Every year two swans that live near us have cygnets. They are very much metropolitan birds, and previously when they took the new little ones for an outing they kept very close to the bank, to avoid the trip boats, rowers, yachts and general river business. This year the cygnets were born in April, and because of the virus rules banning rowing and sailing and motorboats, the river is completely unused by human beings. Today I watched the four little fluffy adventurers taking off from the adults and playing in the middle of the river, ignoring their angry parents who were trying to herd them to the side. Like all kids when told not to do something they deem unreasonable, the cygnets were squeaking: ‘Why?’ I watched this charade for about half an hour, something I would never have done BC. It gave me great pleasure. I will watch the cygnets’ development with trepidation. They seldom all survive, and whereas before I only vaguely cared, this time I feel a special new bond with them. If I am not careful it will become an antirrhinum situation. I am new to this naturalist stuff. I am apt to humanise animals and flowers – anthropomorphising, it is called. This is frowned upon by proper country folk. Which is why they can happily kill birds, and foxes, and deer, and cut down forests.
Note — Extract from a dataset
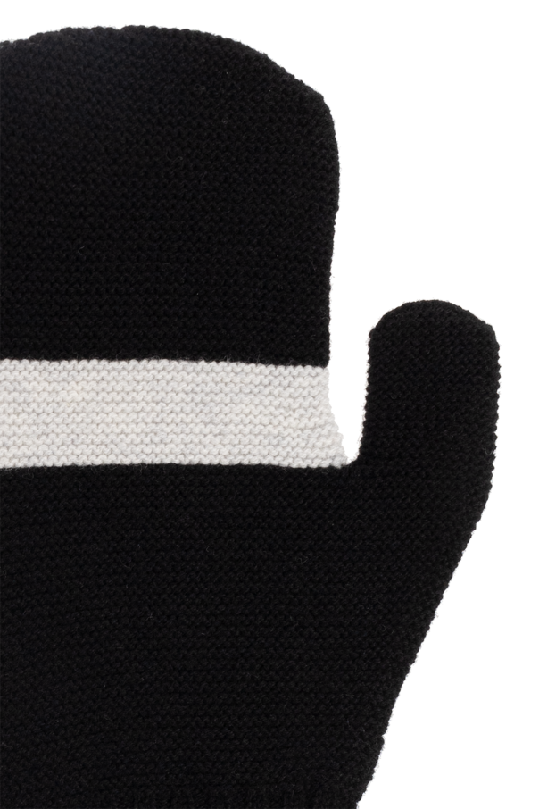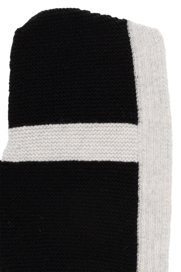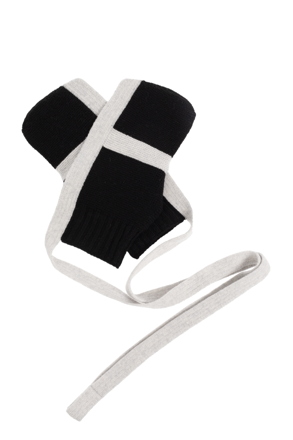 Black and grey gloves from Issey Miyake Homme Plisse. Made of wool, this pair is connected via a cord and features ribbed cuffs.

My ornithological discoveries have not been limited to swans. I have not encouraged birds to visit my balcony, as they seem to think of it as a lavatory, but now I am desperate for company of any sort. Two wood pigeons (I looked it up – they have white splodges on their necks) have taken to sitting on my balcony railings. They adore one another, billing and cooing and nuzzling their heads together. I am very jealous. I am touched to see that today they are perched with their bums over the river, after I told them off yesterday for making a mess. I’m slightly less friendly now, as I read that they carry a disease that is very dangerous to old people. Everyone is out to get us.
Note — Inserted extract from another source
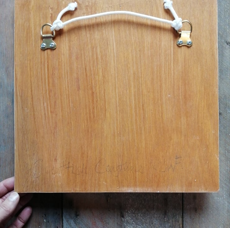This ceramic landscape comes ready to hang and measures approx 14cm square with a depth of 1.3 cm mounted onto a wooden frame made from up cycled wood, measuring 30 cm square, depth of 1 cm. painted in satin Moonlight White and wood colour on the reverse.

Just now a crow arrived, gave one squawk, and they flew off. Maybe the crow knows about the virus-carrying pigeons and he was protecting me? Maybe I should make friends with the crow? I’ve seen him around the area quite a lot. I rather like the way he swaggers around on the road outside, unafraid and cocky. I’m sorry that I don’t get more birds visiting. A blue-coloured bird (I didn’t have time to look him up) came and perched on my Sky television dish for about ten minutes. I sprinkled seed around, but he never came back. He probably returned to Dover. Despite my very expensive birdseed – or ‘world-class’, as Boris Johnson says about all his failures: apps, tests, second-rate Cabinet members. Where are the sparrows and robins? Why don’t they come and keep me company? Maybe the crow has seen them off too? I see him looking covetously through my French windows at my lounge. Maybe I’ll be the next to go? The survival of the fittest – and I am ‘extremely vulnerable’.
This is what two months in isolation does to you. I have gone from admiring a blackbird to an Alfred Hitchcock horror film.
15 May 2020
‘Stay alert, control the virus, save lives.’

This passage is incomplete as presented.